• What is expected:
Copy out the listing that follows exactly, dropping every picture.
╭─ Source data
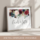 Designed to match our Radiant Bloom wedding collection, this elegant botanical sign lets guests know where to drop off their cards and gifts. Personalise with one line of custom text in calligraphy script lettering (shown with "Cards & Gifts"), framed by rich jewel toned watercolor flowers and green foliage.
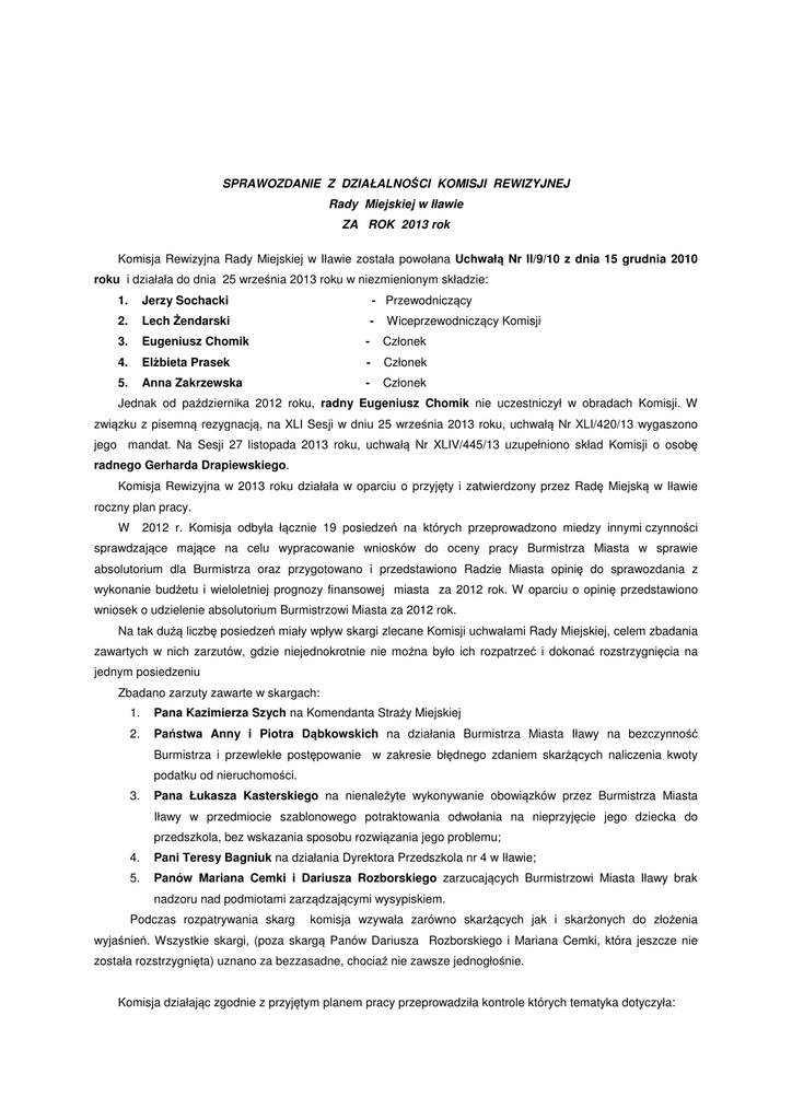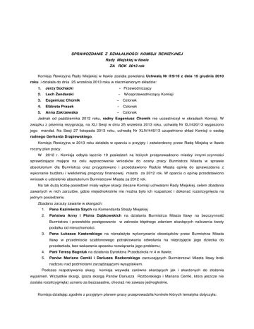 SPRAWOZDANIE Z DZIAŁALNOŚCI KOMISJI REWIZYJNEJ Rady Miejskiej w Iławie ZA ROK 2013 rok Komisja Rewizyjna Rady Miejskiej w Iławie została powołana Uchwałą Nr II/9/10 z dnia 15 grudnia 2010 roku i działała do dnia 25 września 2013 roku w niezmienionym składzie: 1. Jerzy Sochacki - Przewodniczący 2. Lech Żendarski - 3. Eugeniusz Chomik - Członek 4. Elżbieta Prasek - Członek 5. Anna Zakrzewska - Członek Wiceprzewodniczący Komisji Jednak od października 2012 roku, radny Eugeniusz Chomik nie uczestniczył w obradach Komisji. W związku z pisemną rezygnacją, na XLI Sesji w dniu 25 września 2013 roku, uchwałą Nr XLI/420/13 wygaszono jego mandat. Na Sesji 27 listopada 2013 roku, uchwałą Nr XLIV/445/13 uzupełniono skład Komisji o osobę radnego Gerharda Drapiewskiego. Komisja Rewizyjna w 2013 roku działała w oparciu o przyjęty i zatwierdzony przez Radę Miejską w Iławie roczny plan pracy. W 2012 r. Komisja odbyła łącznie 19 posiedzeń na których przeprowadzono miedzy innymi czynności sprawdzające mające na celu wypracowanie wniosków do oceny pracy Burmistrza Miasta w sprawie absolutorium dla Burmistrza oraz przygotowano i przedstawiono Radzie Miasta opinię do sprawozdania z wykonanie budżetu i wieloletniej prognozy finansowej miasta za 2012 rok. W oparciu o opinię przedstawiono wniosek o udzielenie absolutorium Burmistrzowi Miasta za 2012 rok. Na tak dużą liczbę posiedzeń miały wpływ skargi zlecane Komisji uchwałami Rady Miejskiej, celem zbadania zawartych w nich zarzutów, gdzie niejednokrotnie nie można było ich rozpatrzeć i dokonać rozstrzygnięcia na jednym posiedzeniu Zbadano zarzuty zawarte w skargach: 1. Pana Kazimierza Szych na Komendanta Straży Miejskiej 2. Państwa Anny i Piotra Dąbkowskich na działania Burmistrza Miasta Iławy na bezczynność Burmistrza i przewlekłe postępowanie w zakresie błędnego zdaniem skarżących naliczenia kwoty podatku od nieruchomości. 3. Pana Łukasza Kasterskiego na nienależyte wykonywanie obowiązków przez Burmistrza Miasta Iławy w przedmiocie szablonowego potraktowania odwołania na nieprzyjęcie jego dziecka do przedszkola, bez wskazania sposobu rozwiązania jego problemu; 4. Pani Teresy Bagniuk na działania Dyrektora Przedszkola nr 4 w Iławie; 5. Panów Mariana Cemki i Dariusza Rozborskiego zarzucających Burmistrzowi Miasta Iławy brak nadzoru nad podmiotami zarządzającymi wysypiskiem. Podczas rozpatrywania skarg komisja wzywała zarówno skarżących jak i skarżonych do złożenia wyjaśnień. Wszystkie skargi, (poza skargą Panów Dariusza Rozborskiego i Mariana Cemki, która jeszcze nie została rozstrzygnięta) uznano za bezzasadne, chociaż nie zawsze jednogłośnie. Komisja działając zgodnie z przyjętym planem pracy przeprowadziła kontrole których tematyka dotyczyła: • Kontrola realizacji wniosków pokontrolnych z roku 2012 r. • Kontrola zatrudnienia w ICK oraz jego koszty • Kontrola eksploatacji i funkcjonowania „Orlików” • Analiza skutków podwyżki cen biletów autobusowych z 2012 roku • Kontrola wydatków związanych z funkcjonowaniem schroniska dla psów • Kontrola prawidłowości wypłacania diet radnych za pierwsze półrocze 2013 roku • Kontrola działalności oraz przychodów i wydatków w Ośrodku Psychoedukacji Profilaktyki Uzależnień i Pomocy Rodzinie • Kontrola efektów działania Wydziału Promocji i Współpracy z Zagranicą Podczas kontroli komisja zapoznawała się z dokumentacją będącą przedmiotem kontroli jak również z protokołami kontroli zewnętrznych przeprowadzanych w wydziałach lub jednostkach. Bywało, że podczas przeprowadzanej kontroli dokonywała również wizji lokalnej infrastruktury jednostki jak to miało miejsce na obiekcie „Orlika” na Osiedlu Lubawskim czy Schroniska dla Bezdomnych Zwierząt przy ul. Komunalnej. W wyniku powyższych kontroli Komisja nie stwierdziła nieprawidłowości. Wnioski pokontrolne zostały przekazane do Burmistrza celem realizacji . Podczas jednej z sesji, członek Komisji Rewizyjnej Anna Zakrzewska, wnioskowała o zlecenie Komisji Rewizyjnej kontroli zasadności przyznawania ulg i umorzeń w podatkach– temat ten został ujęty w propozycji planu pracy na rok 2014. Przyjęty plan pracy na 2013 rok komisja zrealizowała w 100%. Frekwencja w minionym roku wyniosła 80% (na dzień 30 listopada br.) Wpływ na jej obniżenie miała głównie nieobecność na Komisjach radnego Eugeniusza Chomika spowodowana jego stanem zdrowia. W imieniu członków Komisji Rewizyjnej dziękuję wszystkim tym, którzy przyczynili się do sprawnej pracy komisji, dzielili się swoją wiedzą oraz wykazali zrozumienie dla prac komisji. Z wyrazami szacunku Przewodniczący Komisji /-/Jerzy Sochacki Grudzień, 2013r.
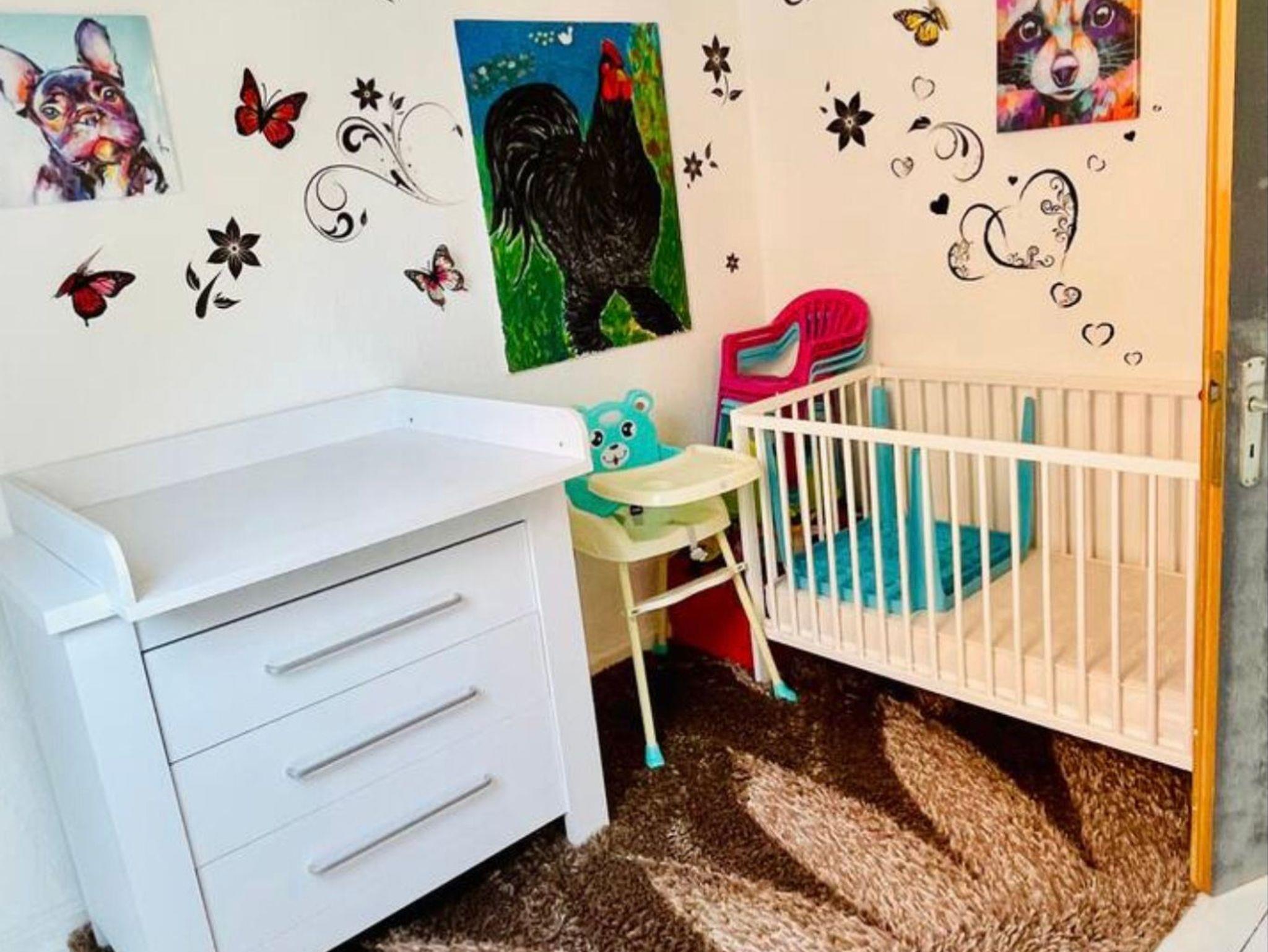 Schlafzimmer 3 (Kinderzimmer) mit Einzelbett, Gitterbett, Wickeltisch und div. Zubehör für kleine Gäste.
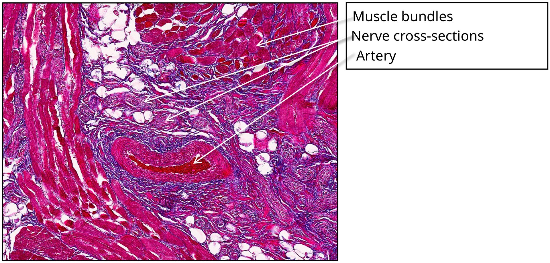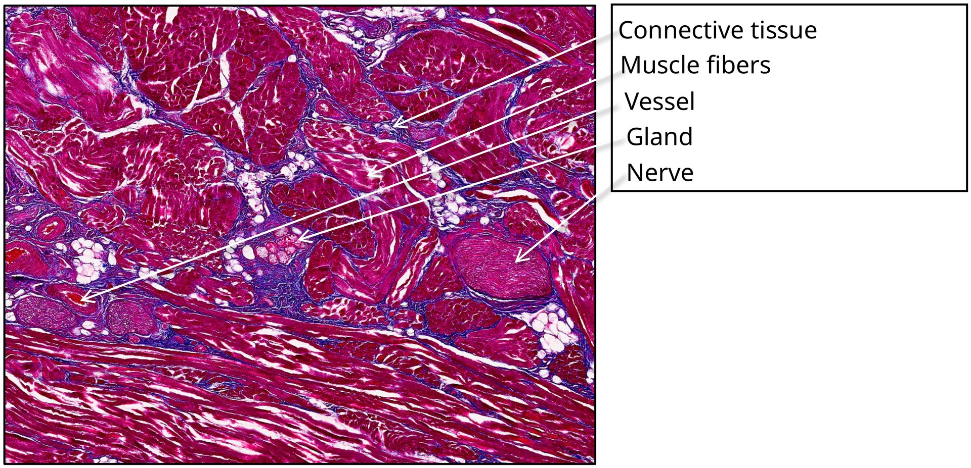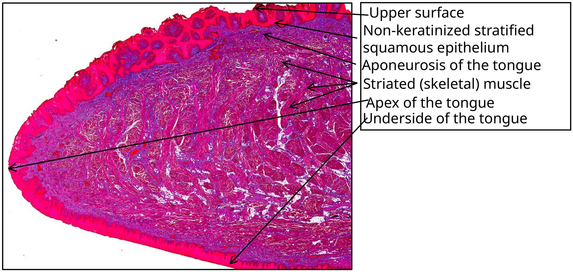 - Observe the lingual aponeurosis, striated muscle fibers, blood vessels, and nerves.
╰─
• Response to this task:
 Designed to match our Radiant Bloom wedding collection, this elegant botanical sign lets guests know where to drop off their cards and gifts. Personalise with one line of custom text in calligraphy script lettering (shown with "Cards & Gifts"), framed by rich jewel toned watercolor flowers and green foliage.
 SPRAWOZDANIE Z DZIAŁALNOŚCI KOMISJI REWIZYJNEJ Rady Miejskiej w Iławie ZA ROK 2013 rok Komisja Rewizyjna Rady Miejskiej w Iławie została powołana Uchwałą Nr II/9/10 z dnia 15 grudnia 2010 roku i działała do dnia 25 września 2013 roku w niezmienionym składzie: 1. Jerzy Sochacki - Przewodniczący 2. Lech Żendarski - 3. Eugeniusz Chomik - Członek 4. Elżbieta Prasek - Członek 5. Anna Zakrzewska - Członek Wiceprzewodniczący Komisji Jednak od października 2012 roku, radny Eugeniusz Chomik nie uczestniczył w obradach Komisji. W związku z pisemną rezygnacją, na XLI Sesji w dniu 25 września 2013 roku, uchwałą Nr XLI/420/13 wygaszono jego mandat. Na Sesji 27 listopada 2013 roku, uchwałą Nr XLIV/445/13 uzupełniono skład Komisji o osobę radnego Gerharda Drapiewskiego. Komisja Rewizyjna w 2013 roku działała w oparciu o przyjęty i zatwierdzony przez Radę Miejską w Iławie roczny plan pracy. W 2012 r. Komisja odbyła łącznie 19 posiedzeń na których przeprowadzono miedzy innymi czynności sprawdzające mające na celu wypracowanie wniosków do oceny pracy Burmistrza Miasta w sprawie absolutorium dla Burmistrza oraz przygotowano i przedstawiono Radzie Miasta opinię do sprawozdania z wykonanie budżetu i wieloletniej prognozy finansowej miasta za 2012 rok. W oparciu o opinię przedstawiono wniosek o udzielenie absolutorium Burmistrzowi Miasta za 2012 rok. Na tak dużą liczbę posiedzeń miały wpływ skargi zlecane Komisji uchwałami Rady Miejskiej, celem zbadania zawartych w nich zarzutów, gdzie niejednokrotnie nie można było ich rozpatrzeć i dokonać rozstrzygnięcia na jednym posiedzeniu Zbadano zarzuty zawarte w skargach: 1. Pana Kazimierza Szych na Komendanta Straży Miejskiej 2. Państwa Anny i Piotra Dąbkowskich na działania Burmistrza Miasta Iławy na bezczynność Burmistrza i przewlekłe postępowanie w zakresie błędnego zdaniem skarżących naliczenia kwoty podatku od nieruchomości. 3. Pana Łukasza Kasterskiego na nienależyte wykonywanie obowiązków przez Burmistrza Miasta Iławy w przedmiocie szablonowego potraktowania odwołania na nieprzyjęcie jego dziecka do przedszkola, bez wskazania sposobu rozwiązania jego problemu; 4. Pani Teresy Bagniuk na działania Dyrektora Przedszkola nr 4 w Iławie; 5. Panów Mariana Cemki i Dariusza Rozborskiego zarzucających Burmistrzowi Miasta Iławy brak nadzoru nad podmiotami zarządzającymi wysypiskiem. Podczas rozpatrywania skarg komisja wzywała zarówno skarżących jak i skarżonych do złożenia wyjaśnień. Wszystkie skargi, (poza skargą Panów Dariusza Rozborskiego i Mariana Cemki, która jeszcze nie została rozstrzygnięta) uznano za bezzasadne, chociaż nie zawsze jednogłośnie. Komisja działając zgodnie z przyjętym planem pracy przeprowadziła kontrole których tematyka dotyczyła: • Kontrola realizacji wniosków pokontrolnych z roku 2012 r. • Kontrola zatrudnienia w ICK oraz jego koszty • Kontrola eksploatacji i funkcjonowania „Orlików” • Analiza skutków podwyżki cen biletów autobusowych z 2012 roku • Kontrola wydatków związanych z funkcjonowaniem schroniska dla psów • Kontrola prawidłowości wypłacania diet radnych za pierwsze półrocze 2013 roku • Kontrola działalności oraz przychodów i wydatków w Ośrodku Psychoedukacji Profilaktyki Uzależnień i Pomocy Rodzinie • Kontrola efektów działania Wydziału Promocji i Współpracy z Zagranicą Podczas kontroli komisja zapoznawała się z dokumentacją będącą przedmiotem kontroli jak również z protokołami kontroli zewnętrznych przeprowadzanych w wydziałach lub jednostkach. Bywało, że podczas przeprowadzanej kontroli dokonywała również wizji lokalnej infrastruktury jednostki jak to miało miejsce na obiekcie „Orlika” na Osiedlu Lubawskim czy Schroniska dla Bezdomnych Zwierząt przy ul. Komunalnej. W wyniku powyższych kontroli Komisja nie stwierdziła nieprawidłowości. Wnioski pokontrolne zostały przekazane do Burmistrza celem realizacji . Podczas jednej z sesji, członek Komisji Rewizyjnej Anna Zakrzewska, wnioskowała o zlecenie Komisji Rewizyjnej kontroli zasadności przyznawania ulg i umorzeń w podatkach– temat ten został ujęty w propozycji planu pracy na rok 2014. Przyjęty plan pracy na 2013 rok komisja zrealizowała w 100%. Frekwencja w minionym roku wyniosła 80% (na dzień 30 listopada br.) Wpływ na jej obniżenie miała głównie nieobecność na Komisjach radnego Eugeniusza Chomika spowodowana jego stanem zdrowia. W imieniu członków Komisji Rewizyjnej dziękuję wszystkim tym, którzy przyczynili się do sprawnej pracy komisji, dzielili się swoją wiedzą oraz wykazali zrozumienie dla prac komisji. Z wyrazami szacunku Przewodniczący Komisji /-/Jerzy Sochacki Grudzień, 2013r.
 Schlafzimmer 3 (Kinderzimmer) mit Einzelbett, Gitterbett, Wickeltisch und div. Zubehör für kleine Gäste.
 - Observe the lingual aponeurosis, striated muscle fibers, blood vessels, and nerves.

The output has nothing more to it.